Южное лето ошеломило жарой. Я заново познавал этот мир. Казалось, он весь существует под знаком всепроникающего солнца и света в моей душе. Приступы прекратились. Вместе с другими мальчишками я бегал в трусах босиком по мягкой прохладной пыли и сильно страдал от ожогов. Кожа облазила клочьями. Но вечером возвращался с дежурства дед, и снимал боль. Проведет по спине ладонью – и хоть снова на улицу.
Кажется, я полюбил его еще до того как впервые увидел. И он отвечал тем же. Но обращался со мной как со взрослым, равным себе. Дед работал охранником на железной дороге. Случались у него выходные или отгулы. Я воспринимал их как праздники, не отходил от него ни на шаг. Еще бы! Дед потихонечку, исподволь, учил меня понимать суть.
       — Тошка, — говаривал он, когда мы сидели вдвоем в зарослях виноградника и пили холодный компот, — а ну-ка представь что ты — бабочка.
Я закрывал глаза и прислушивался к внутренним ощущениям. Все мысли улетучивались. Оставались лишь плещущее через край, ни с чем несравнимое счастье полета и железная сила инстинкта, влекущего в этот полет.
Не знаю как все это выглядело со стороны, но возвращая меня в реальность, дед оставался доволен.
        — Это было давным-давно, - рассказывал дед, - когда звездные отражения лежали на земле, под ногами. На север от берегов нашей страны далеко простиралась суша. Новая Земля была тогда частью Уральских гор. Баренцево и Карское моря  - мелководными внутренними водоемами. А Северная Земля – высокой горной грядой. Там где сейчас расположен пролив Шокальского, текла большая река. А еще дальше на север, лежала страна наших  предков.
        Никогда чужаки не ступали на эту землю. С ее стороны все время дышали бореи – сухие и очень холодные ветры. Дышали они от центра зарождающихся ледников к периферии антициклонов. И оттесняли далеко к югу жару и осадки. В небе, не знающем туч,  полгода не заходило солнце. А когда приходила долгая ночь, его накрывали звезды.
        Созвездие Велеса было расположено там, где сейчас Большая Медведица. Альфа Альдебаран – на месте Полярной Звезды. Ночами звездное небо отражалось в течении Ра-реки - холодном и чистом как светлые души рысичей. И жили там люди, не зная ни зла ни закона, в справедливости и любви. Ибо закон – это воля тирана, а любовь – это мудрость души. Не было тогда института Хранителей, и Звездные Знания были доступны каждому. Люди многое знали, имели ясное представление о строении мира, о космической оси, связывающей между собой три зоны Вселенной. А те, кто шагнул на высшую ступень посвящения, умели летать, силой мысли мгновенно перемещаться в пространстве и многое из того, что недоступно ни мне, ни тебе.
        — Что такое душа? – спрашивал я.
        — Это то, что светил в твоих глазах. – Негасимая искра духа прародителя нашего – Бога по имени Род.
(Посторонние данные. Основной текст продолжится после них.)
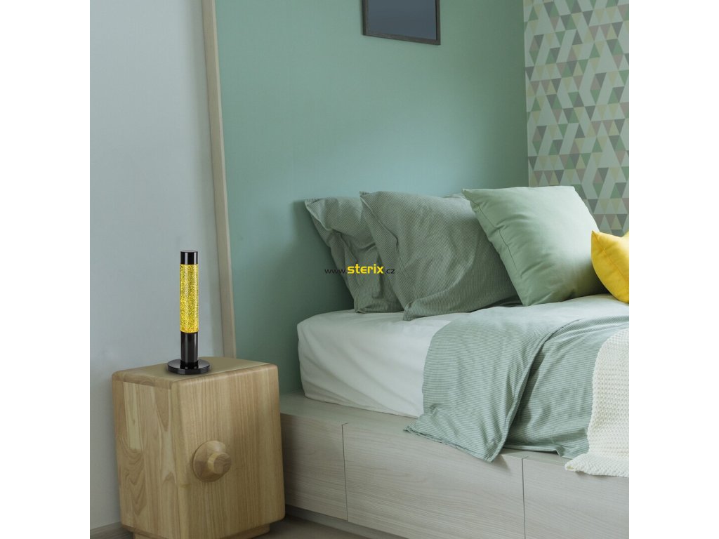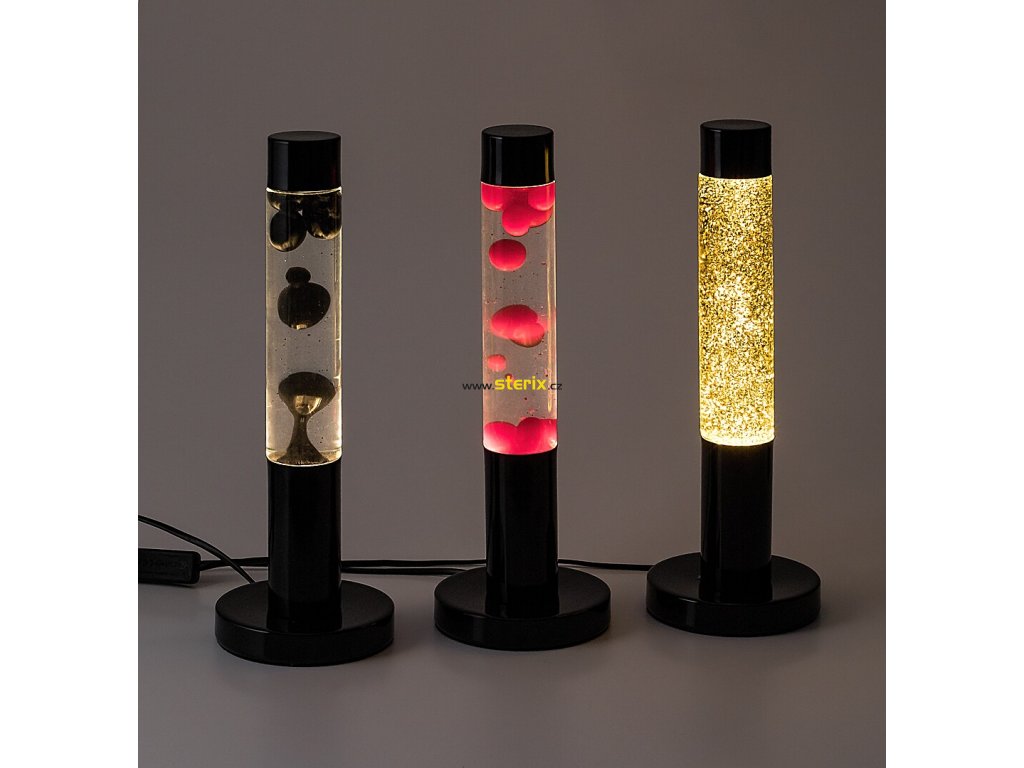 Dekorativní lávovou lampu Rabalux Lavastic doporučujeme všem, kteří hledají působivé osvětlení s jedinečnou atmosférou a slavnostním vzhledem. Vnitřní část lampy je naplněna zlatavě zbarvenou tekutinou s třpytivými částicemi slídy, což tomuto modelu dodává zářivý, slavnostní vzhled. Válcovitá konstrukce a dekorativní základna ve tvaru disku jsou vyrobeny z kovu v černé barvě, zatímco stínítko je z průhledného skla. Tato lávová lampa se ovládá vypínačem na kabelu a disponuje vestavěným LED světelným zdrojem, který zaručuje dlouhou životnost. Velkou předností této dekorativní lampy je možnost snadného přesunu mezi místnostmi, takže její magickou atmosféru si může kdykoliv užít každý člen rodiny. Je ideální volbou do obývacího pokoje, dětského pokoje nebo ložnice.

Он расколол каменное яйцо и тем самым создал Вселенную.
        — А мама мне говорила, что нет никакого Бога, а есть эволюция.
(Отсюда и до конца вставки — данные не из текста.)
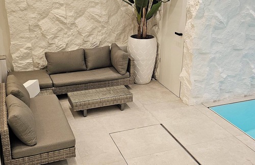 The apartment has private acesss to a Gym, Swimming pool and a second Bathroom. Access to private Gym + heated Swimingpool + second Bathroom is only provided when booked extra for €150/ day. If the area is not booked the door is locked.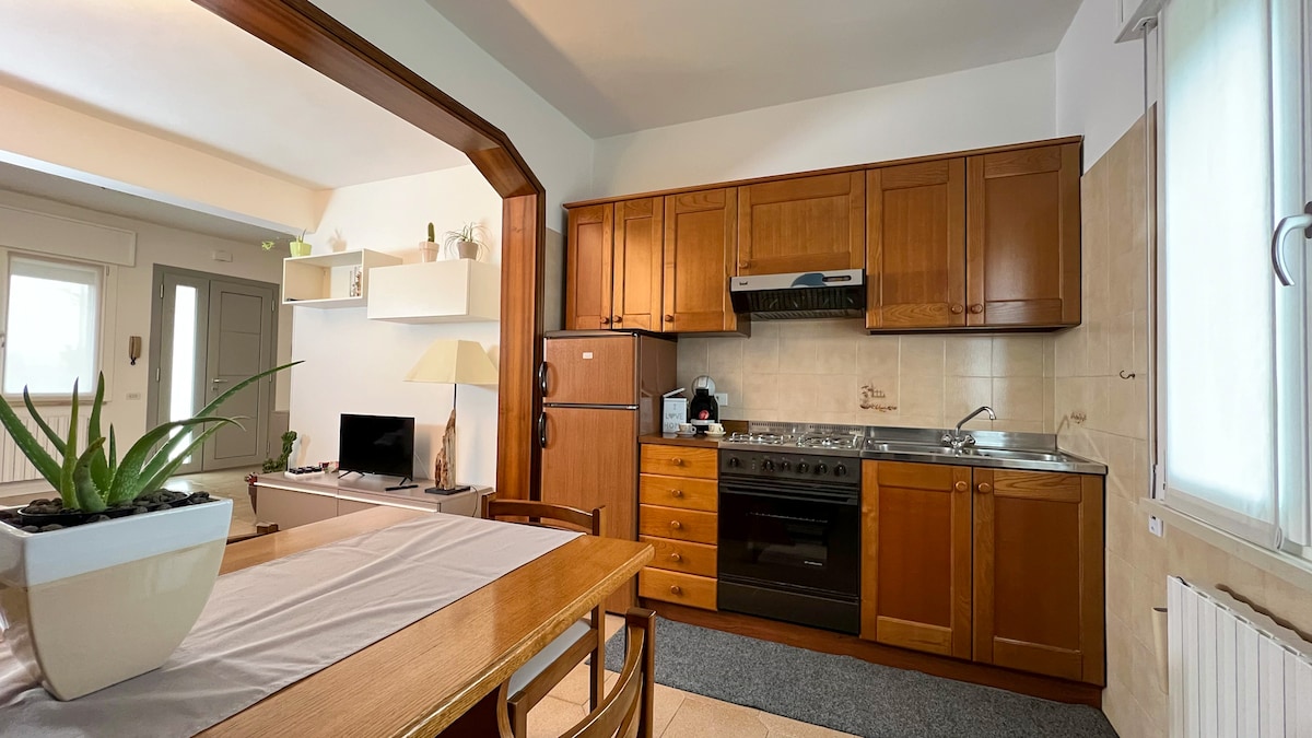 We are located just 10 minutes from Jesolo and near the seaside resorts of Caorle, Eraclea Mare, and Cavallino, with a wide availability of cycling routes in the Venetian lagoon. The train station, with daily connections to Venice, can be reached in a few kilometers by car. The McArthur Glen outlet is just 10 minutes away. The 75-square-meter apartment features an entrance with a spacious living room with a sofa bed and a fully equipped kitchen, one double bedroom, and a private bathroom.

        — Глупости! — почему-то сердился дед. — Эволюция — суть неразрывная цепь усложняющихся трансформаций.   Ей подвержено все: и люди, и Боги, и звезды. Сколько там времени? – Ого! Пора вечерять…
        Дел всегда прекращал о чем-то рассказывать, если я начинал задавать слишком много вопросов. Переносил разговор на следующий раз.
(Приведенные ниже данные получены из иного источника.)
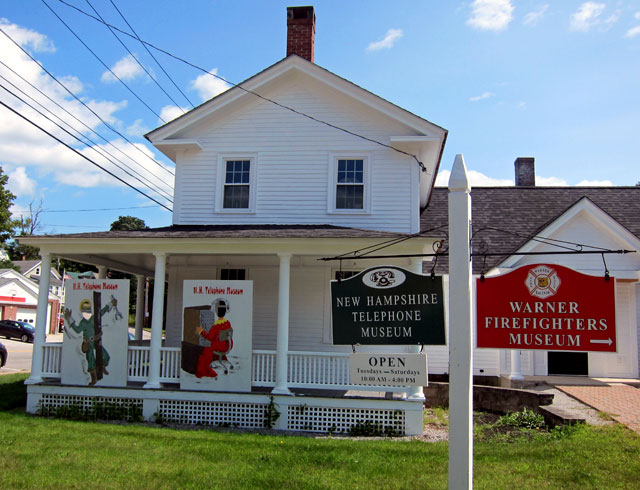 From Hopkinton to Warner I was on the Currier and Ives Byway (Route 103 – the old main road that I-89 now parallels. In recent years a number of states have designated scenic drives, and I hope to share those state websites with you in time . Sadly in Warner the New Hampshire Telephone Museum is closed on Sundays, but I walked around town, and drove up to the Mt. Kearsarge Indian Museum, but decided to wait when I could visit both museums at once. Glad I did not go in, because I would not have made it to my final tour destination in time. You can click the image above left to read the sign about Warner.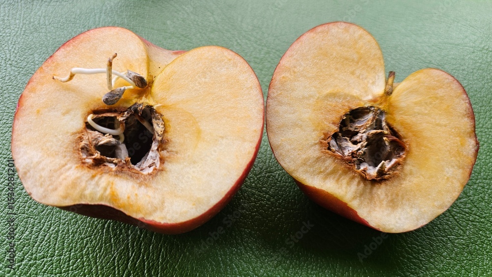 A red apple that is cut in half and has sprouts growing from the seeds in the middle, the middle is brownish black because it has been ripe for too long.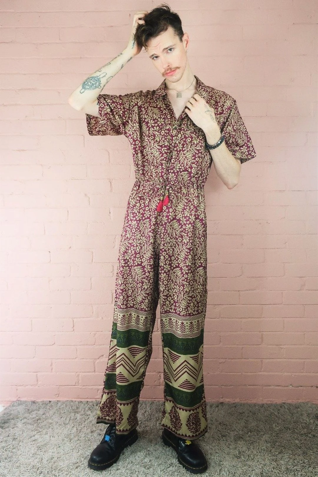 Our gorgeous gender neutral Billie all-in-one style is relaxed fitting for an effortlessly cool bohemian look! All of our Billie jumpsuits are one-of-a-kind, handmade sustainably using recycled vintage sari fabrics.
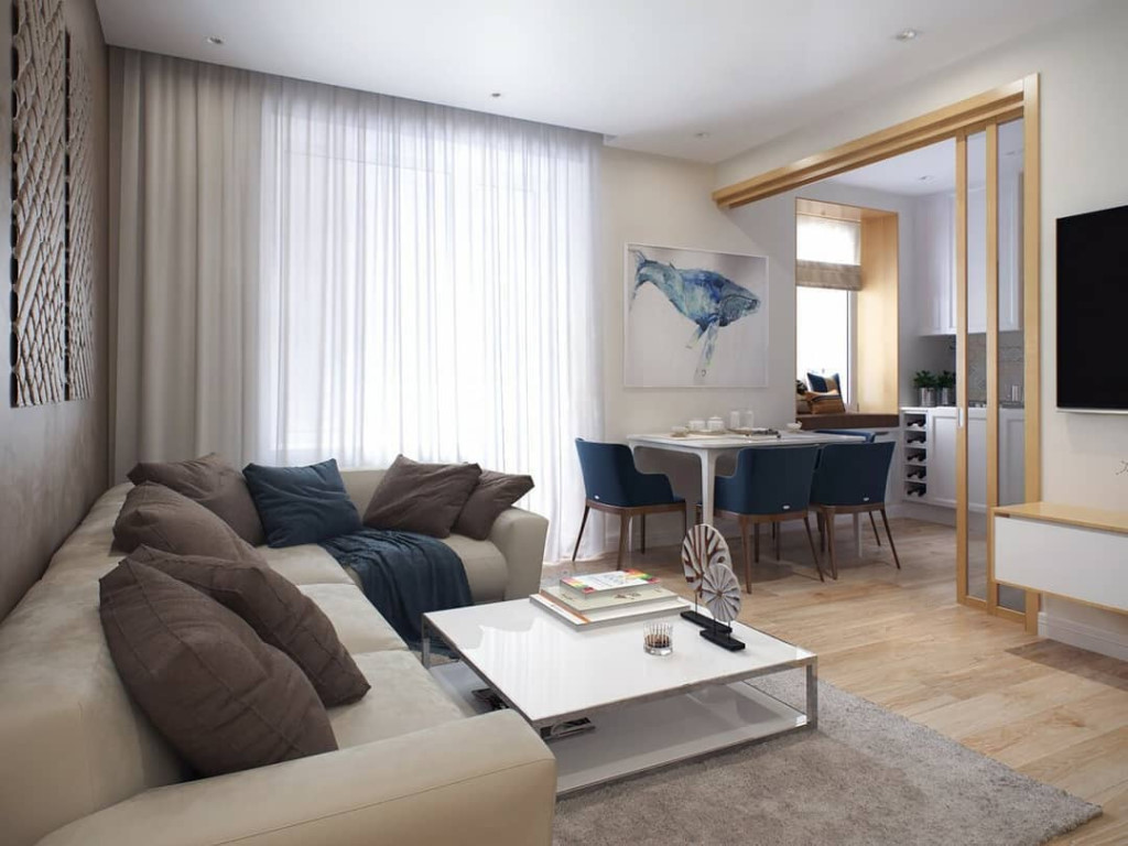 Драпировки на шторах уместны почти всегда: помните, что на них нужно закладывать дополнительную ширину ткани, портьеры должны быть примерно в 2,5 раза длиннее карниза. В тесной комнате лучше всего вешать максимально лаконичные шторы с минимумом оборок.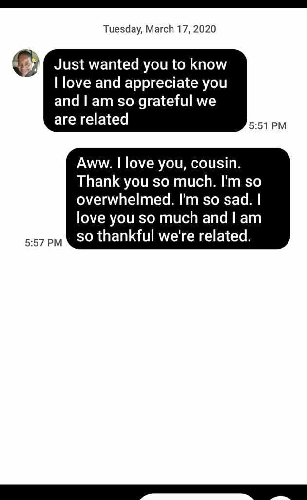 Sharing that moment with her, which reflected the beauty of her mother and the lives lost around her, caused me to smile through the pain. Here was my younger cousin honoring her late mother in such a way one could not fathom its fruition. I told her I wanted to see the finished product, and I am certain she will share it with me.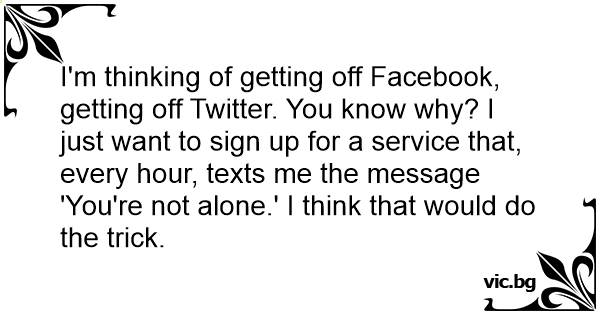 I'm thinking of getting off Facebook, getting off Twitter. You know why? I just want to sign up for a service that, every hour, texts me the message 'You're not alone.' I think that would do the trick.
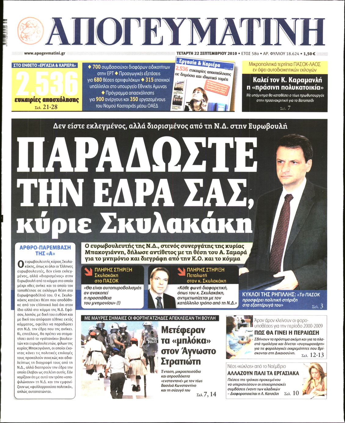 Τετάρτη, 22 Σεπτέμβριος 2010

        Во сне я часто летал. То скользил по касательной над бесплодной каменистой грядой, то снова взмывал ввысь, к вершине горы Меру. Воздух был упруг и прозрачен. Солнце пряталось в розовом облаке, согревая меня ласковыми лучами. Замыкая на круг линию горизонта, плескалось теплое море.
        С утра я опять приставал к деду: «Что же было потом?»
        Но он уходил на дежурство. А когда возвращался, всегда находились дела поважнее моих вопросов. То виноград посадить у соседа, то стенку поштукатурить, то вскопать огород. Я тащился за дедом как собачонка. Думал что помогал, но скорее мешал ему. Но вот наступал тот заветный час, и мы снова оставались одни.